Interest in India among foreign investors of all types has been renewed by the election this year of Prime Minister Narendra Modi, who has promised to ease investment restrictions and build a wave of new infrastructure projects.

In June, CPPIB announced a $332m infrastructure investment partnership with a division of Larsen & Toubro, India’s largest engineering group by sales. That followed deals to invest in real estate with two family-owned conglomerates, the Piramal and Shapoorji Pallonji groups.

The fund has also built up large portfolios in Australia and China, with deals worth $5.9bn and $4.1bn respectively, in assets ranging from property development to logistics.

Mr Machin cautioned that CPPIB – which he described as “pretty much the ultimate in long-term money” – would invest patiently, seeking additional local partners for infrastructure and property projects while also considering public equity market investments, either in funds or individual companies.

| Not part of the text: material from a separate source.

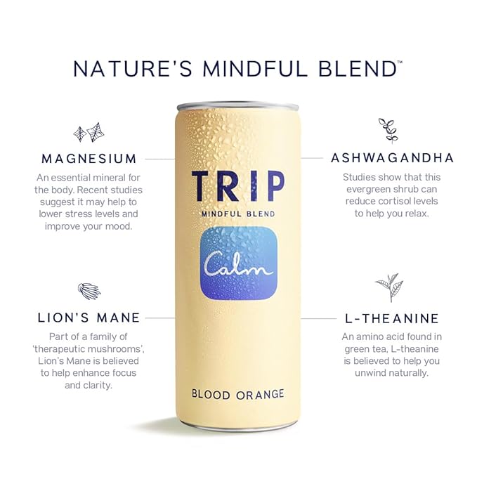 - REFRESHING LIGHTLY SPARKLING BOTANICAL DRINK: Experience a refreshingly sophisticated sparkling drink made with a blend of carefully selected botanicals, including Lion's Mane, Ashwagandha, and L-theanine. Perfectly balanced to offer a unique flavor profile, TRIP is sociable and can be enjoyed anytime, solo or mixed into cocktails!

He said the fund was also examining providing private credit to Indian companies in areas such as loan restructuring. “We’ve seen a lot of private credit opportunities . . .  things like power plants, and telecom-related assets, or roads or infrastructure . . . but they have to be priced correctly,” he said.

While the installation of Mr Modi’s government in May had no direct effect on CPPIB’s plans, Mr Machin said any policy reforms that boosted India’s long-term prospects or eased investment rules would also encourage greater investment by the fund.

“If there are positive policy changes which shift economic growth and the openness to foreign investment – if those two things change, we are likely to have more money invested over time,” he said.

Earlier this year CPPIB opened a local office in Brazil, its first in a developing economy, but the fund declined to comment on domestic media reports that it would set up a similar presence in India over the next year.